Заведующий испугался, заплатил поскорее штраф и говорит:
– Унесите только поскорее эту мертвую кассиршу.
А продавец из фруктового отдела говорит:
– Нет, это неправда, она была не кассирша. Она только ручку в кассе вертела. А кассирша вон сидит.
Милиция говорит:
– Нам все равно: сказано унести кассиршу, мы ее и унесем.
Стала милиция к кассирше подходить. Кассирша легла на пол за кассу и говорит:
– Не пойду.
Милиция говорит:
– Почему же ты, дура, не пойдешь?
Кассирша говорит:
– Вы меня живой похороните.
Милиция стала кассиршу с пола поднимать, но никак поднять не может, потому что кассирша очень полная.
– Да вы ее за ноги, – говорит продавец из фруктового отдела.
– Нет, – говорит заведующий, – эта кассирша мне вместо жены служит. А потому прошу вас, не оголяйте ее снизу.
Кассирша говорит:
– Вы слышите? Не смейте меня снизу оголять.
Милиция взяла кассиршу под мышки и волоком выперла ее из кооператива. Заведующий велел продавцам прибрать магазин и начать торговлю.

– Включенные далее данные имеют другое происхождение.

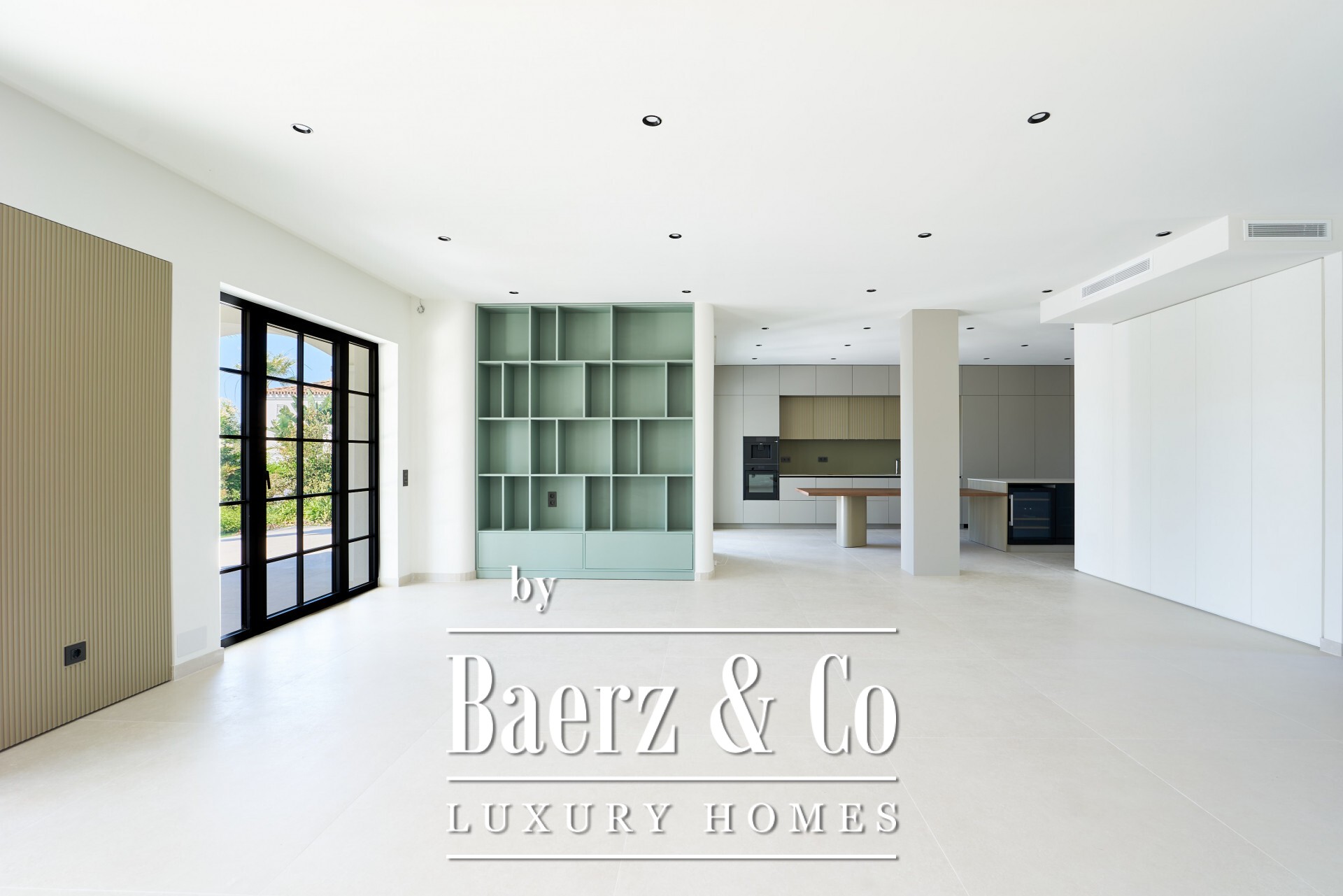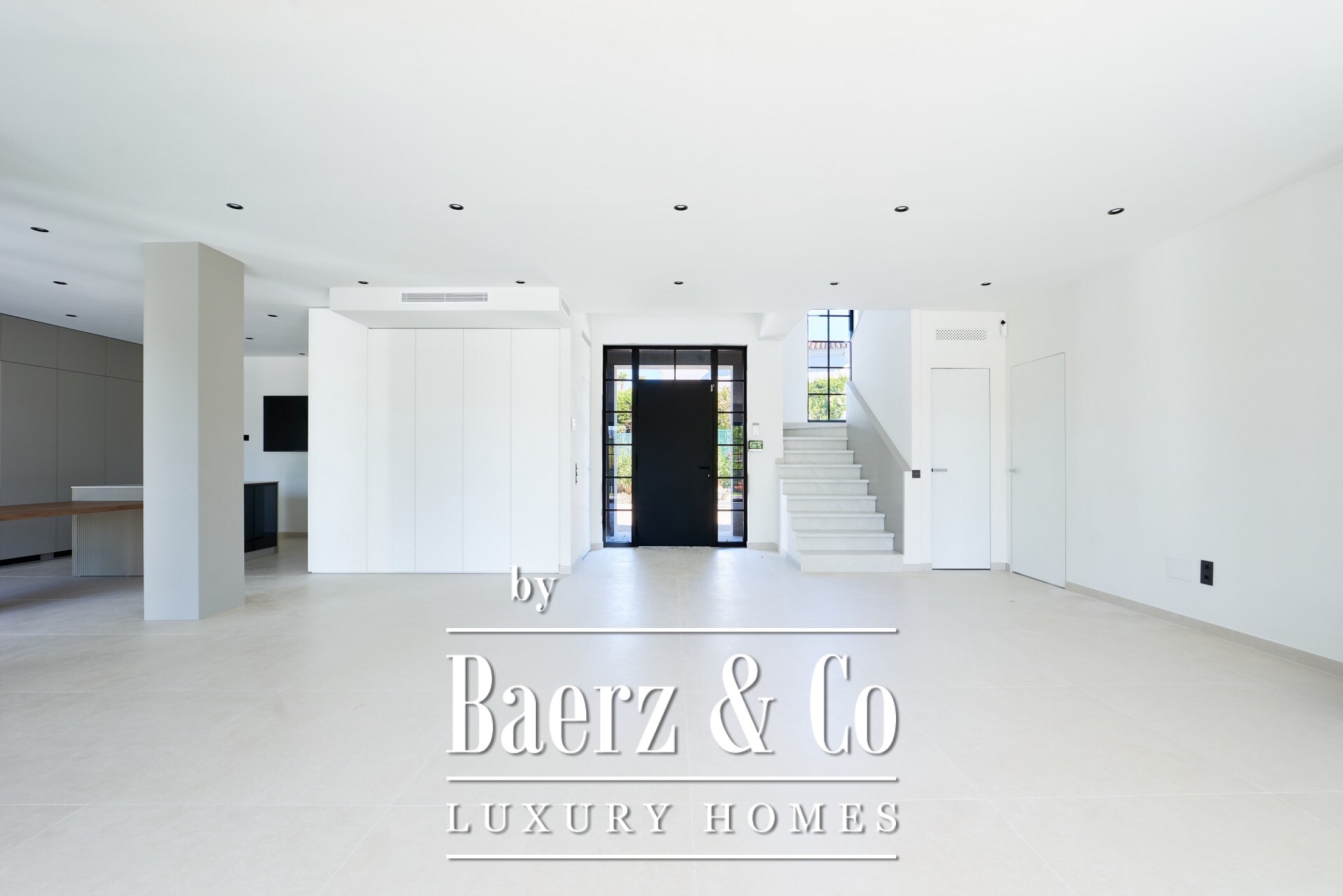 A 96 m² terrace, private pool, and landscaped gardens nod to the region’s traditional cortijos, yet the lines remain resolutely clean and modern. Positioned within a gated community, the home provides security and privacy while being moments from celebrated golf courses such as Valderrama and La Reserva, as well as Sotogrande Marina and International School. For those seeking a villa for sale in Sotogrande, this property balances serene surroundings with access to local amenities, beaches, and a community admired for its quality of life.
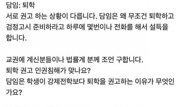 담임 교사의 퇴학 권유
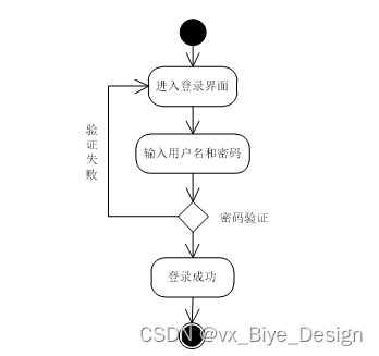 用户可进行登录使用更多功能,首先进入用户登录界面,输入用户账号和密码,后台对账号和密码信息进行核对验证,验证成功则页面直接显示登录用户昵称代表登录成功,否则返回用户登录界面。用户登录活动图如下图。
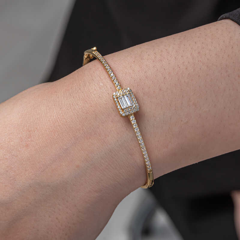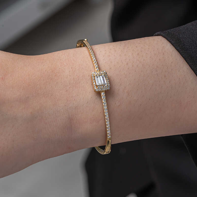 Gümüş Gold Baget Taşlı Kadın Bilezik
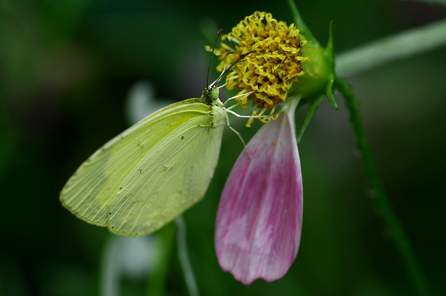 御近所、いつもお留守のお家、蝶の好きな 黄花コスモス、メドーセージ、百日紅、がお庭一杯の御家があるんです。いつも蝶が居る確立高いんです。今日もそっと裏の方なので、見に行って見ました。来て居ます。慌ててカメラ取りに帰る。誰も居ないので失礼させていただきました。2時間・・・・道端なので・・・これはツマグロヒョウモンの♂です。♂2匹がお花争い2匹とも♂です。これはマクロでなく望遠です 交換レンズEF70-200f2,8L IS USM これで狙いました。重かった・・・それにしても、黄花コスモス、は大好きですね、蝶は・・・こちらは 黄タテハ蝶 今まで羽根を開くとどちらもヒョウモンなので、解り難かったですが今日で違いがはっきりしました。黄タテハは直ぐ飛んでいってしまいました。このツマグロヒョウモン♂ は ヒラヒラと長い間楽しませてくれました私の出で立ちは白のツバビロ帽子に半そでTシャツ(黄色)に車の運転をする時の長い指の出る手袋(白)長い夏のパンツに首にはトレードマークの日本手ぬぐい(大好きなんです)どんよりしていますが汗は後から後から出てきます・・・・なかなか羽根は開いてくれませんでしたが、花が変わった時連写でゲットです黄タテハと比べてみてね ここの一番下に黄タテハが羽根を広げて居ます。ヒョウモンチョウと書いていますが、これが黄タテハです。羽根をたたむと 全然違う蝶みたいですねオリボンの様にも・・・綺麗な蝶です 蝶を追っかけるお陰で蝶の習性とかいろいろな事が解ってきます。これもまた面白いですね。
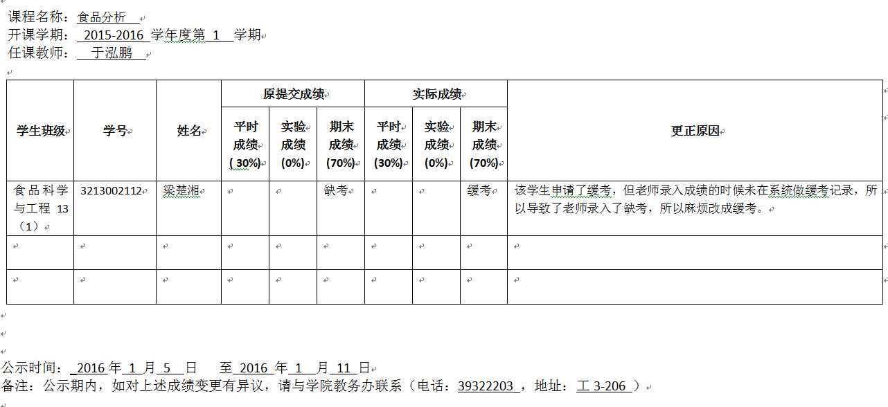 学生成绩变更公示

– А что мы будем делать с этой покойницей? – говорит продавец из фруктового отдела, показывая на Машу.
– Батюшки, – говорит заведующий, – да ведь мы все перепутали! Ну, действительно, что с покойницей делать?
– А кто за кассой сидеть будет? – спрашивает продавец.
Заведующий за голову руками схватился. Раскидал коленом яблоки по прилавку и говорит:
– Безобразие получилось!
– Безобразие, – говорят хором продавцы.
Вдруг заведующий почесал усы и говорит:
– Хе-хе! Не так-то легко меня в тупик поставить! Посадим покойницу за кассу, может, публика и не разберет, кто за кассой сидит.
Посадили покойницу за кассу, в зубы ей папироску вставили, чтобы она на живую больше походила, а в руки для правдоподобности дали ей гриб держать.
Сидит покойница за кассой, как живая, только цвет лица очень зеленый, и один глаз открыт, а другой совершенно закрыт.
– Ничего, – говорит заведующий, – сойдет».
Скандал, который начинается в кооперативе после опознания покупателями покойницы, по сути, дань традиционной логике. В мире хармсовских рассказов категории жизни и смерти становятся все более и более условными.